This sounds clever, and it will absolutely make some people money. It also looks like the kind of “efficiency” move that quietly guts an industry and then acts surprised when the quality, trust, and working conditions collapse.
Fiverr just launched an AI Video Hub, pitched as a way for brands to connect with independent creators who can make “high-quality” video faster than the usual Hollywood-style production pipeline. And they’re doing it while interest is clearly spiking: Fiverr says searches for AI video creation jumped 66% in the second half of 2025. That’s not a rounding error. That’s a signal that buyers are actively hunting for a cheaper, quicker path.
On paper, this is the dream. If you’re a small brand, a startup, a local business, or even a mid-size company that can’t justify a full agency and a big crew, this is a door opening. You get a place to find someone who can crank out short videos, product clips, explainers, ads, whatever, without the whole “we need a producer, a coordinator, a shoot day, and a week of edits” situation.
But the part that bothers me is the framing: “disrupt Hollywood.” That’s a fun headline, but it dodges the real change. This isn’t just about bypassing Hollywood. It’s about bypassing the messy human parts of making video: the time, the debate, the back-and-forth, the people who say “this doesn’t work,” the specialists who catch problems before they go live. When you remove friction, you don’t only remove waste. You also remove judgment.
Imagine you run marketing for a small online shop. You need ten ads next week. You don’t care about film craft. You care about getting something decent on screen that sells. The AI hub promises you speed and variety. Great. You’ll probably do it. You’d be almost irresponsible not to, because your competitor will.
Now imagine you’re a freelance editor or motion designer who used to get those gigs. You weren’t getting rich, but you had steady work. Suddenly the demand shifts from “make this good” to “make this cheap and fast.” The buyer is no longer paying for taste and experience. They’re paying for output. And marketplaces are brutally good at turning work into a commodity when the buyer can’t easily tell the difference between “good” and “good enough.”
That’s the first consequence: a race to the bottom in pricing and timelines, even if the platform says it’s about “high quality.” The buyer’s behavior decides the market, not the marketing copy.

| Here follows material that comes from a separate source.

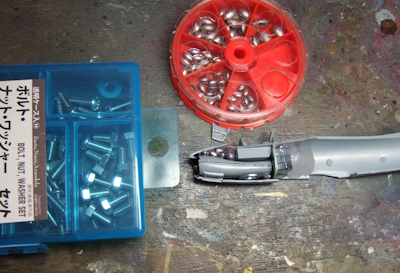 (写真3) 極端なテールヘビーじゃないけれど、念のため過剰な位にオモリを詰め込んでおく。転ばぬ先の杖ですな。こういうとき百均のお店はありがたいのう。

There’s another consequence that brands will only learn after getting burned: sameness. AI video can be impressive, but it can also flatten style. If everyone is using similar tools, similar prompts, similar templates, you end up with ads that all feel like they were made by the same invisible hand. That’s fine if you’re selling phone cases. It’s less fine if you’re trying to build a brand people actually remember.
And then there’s trust. Video used to be expensive enough that you didn’t make it lightly. That cost acted like a filter. When video becomes cheap and endless, the internet fills up with more content, more noise, more borderline stuff that looks real enough to confuse people. Even if your brand is doing everything “right,” you’re now operating in a world where audiences are more suspicious of what they see. That hurts everyone, including honest creators.
To be fair, Hollywood and big agencies are not innocent victims here. A lot of the traditional model is bloated. People have sat through enough rounds of approvals to know that “professional” can mean slow, political, and overpriced. For many businesses, the old way was never an option. So yes, democratizing production is a real benefit. A solo creator in a small town might land clients they never would have reached. A tiny brand might finally be able to test ideas without betting the company on one shoot.
But let’s not pretend this is purely a win for creators. Marketplaces tend to squeeze the middle. The top 1% creators will still do well. The bottom will churn. The middle—the people who built solid careers on reliable craft—are the ones who get their work re-priced and re-scoped until it barely resembles a job.
The bigger shift is power. Fiverr is positioning itself as the place where brands go when they want results without the “production model.” If that works, the platform becomes the new gate. Not a studio gate, a marketplace gate. Different suits, same leverage.
What I’m not sure about is whether brands will accept the trade-offs once the novelty wears off. Fast content is great until you have a campaign that actually matters: a product launch, a crisis response, a message that can’t be sloppy. When the stakes are high, people suddenly remember why they paid for real teams. But will they rebuild those muscles after years of outsourcing to speed?
So here’s the real question: if AI hubs make video cheap and endless, do we end up with more creative freedom for more people, or do we end up with a louder, cheaper world where only the biggest brands can afford work that feels truly human?